::: Information supplied

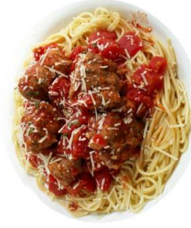
MAKARON Z MIĘSEM (1 porcja)
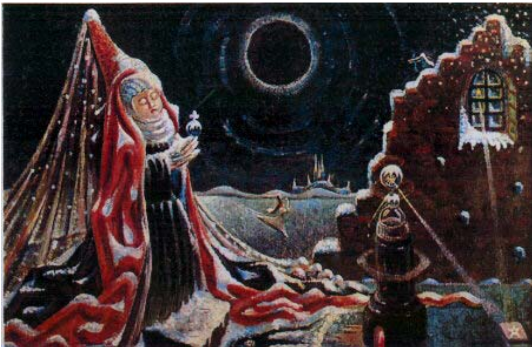
La Pierre Philosophale
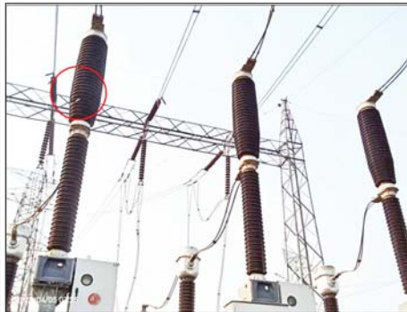
၂၃၀ ကေဗီ သာယာကုန်းပင်မဓာတ်အားခွဲရုံ၏ ၂၃၀ ကေဗီ ဓာတ်အားခွဲရုံသုံး ပစ္စည်းများ ပျက်စီးမှုအခြေအနေမှတ်တမ်းဓာတ်ပုံ။
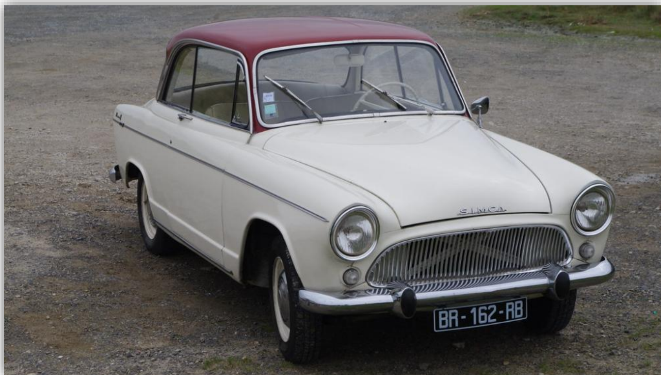
Simca Aronde P60 Monaco Spéciale 1962

Varje dag firar vi en ny bilnamnsdag. I dag när Monika och Mona har namnsdag vill vi rikta strålkastaren mot Monaco.
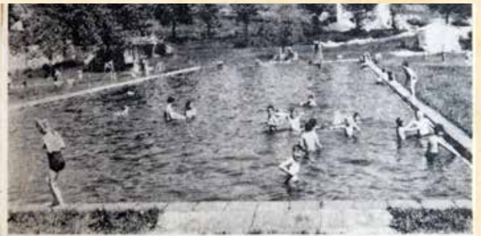
Der Markt ladet freundlich zum Bade
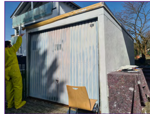
Garagenanstrich im Rahmen von "Johannes packt an"

Wie in der Gemeindeversammlung am 08. März vorgestellt, bilden wir gemeinsam mit den Kirchengemeinden aus Langenhain, Lorsbach, Diedenbergen, Bremthal, Kriftel und Marxheim ab dem 01. Januar 2027 die „Ev. Gesamtkirchengemeinde am Taunus“. Aktuell liegt die Satzung zur Genehmigung in Darmstadt – wir bereiten derweil schon den neuen gemeinsamen Haushalt vor. Außerdem beginnen nun die Überlegungen für den ersten Gesamtkirchenvorstand – zunächst für den Übergang bis zur Kirchenvor-
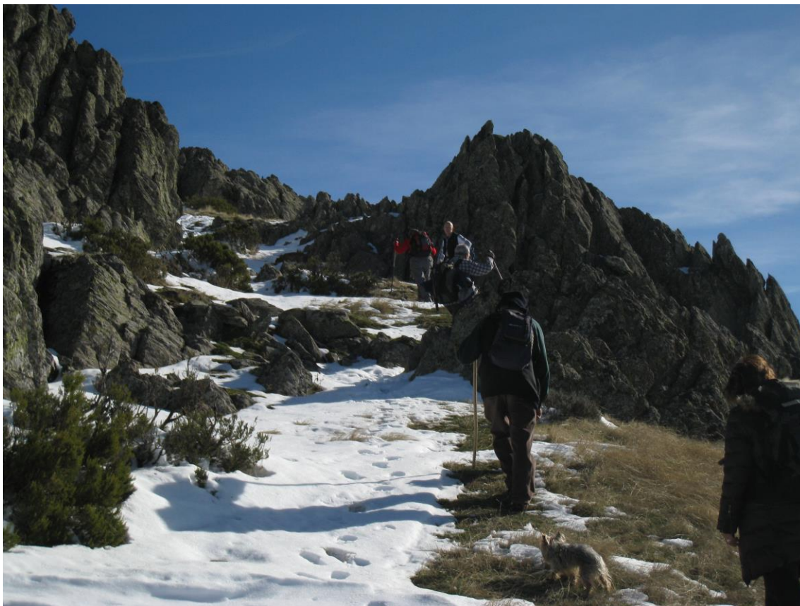
FOTO 1 TODA LA SUBIDA ES EN SUAVE ASCENSO Y COMODA, INCLUSO CON ALGO DE NIEVE.
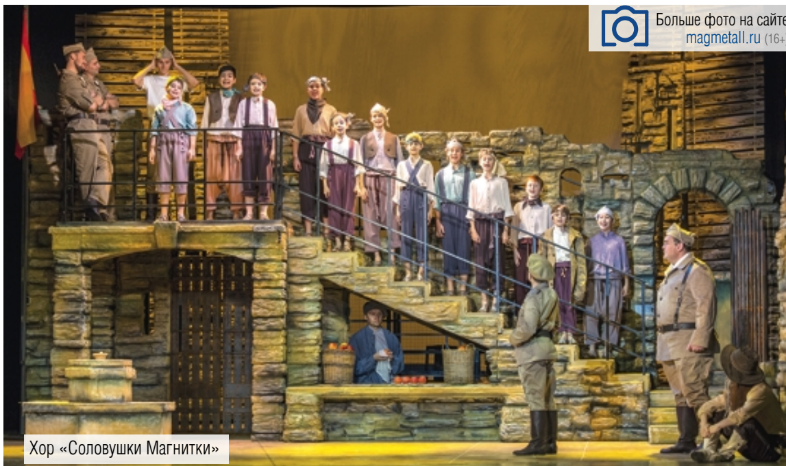
Хор «Соловухи Магнитки»

::::::

- [Problem to solve] Please retype the lines from the one that contains "FOTO 1 TODA" through the final line of the data, both included, without any pictures.

- [Solved exercise]
FOTO 1 TODA LA SUBIDA ES EN SUAVE ASCENSO Y COMODA, INCLUSO CON ALGO DE NIEVE.
Хор «Соловухи Магнитки»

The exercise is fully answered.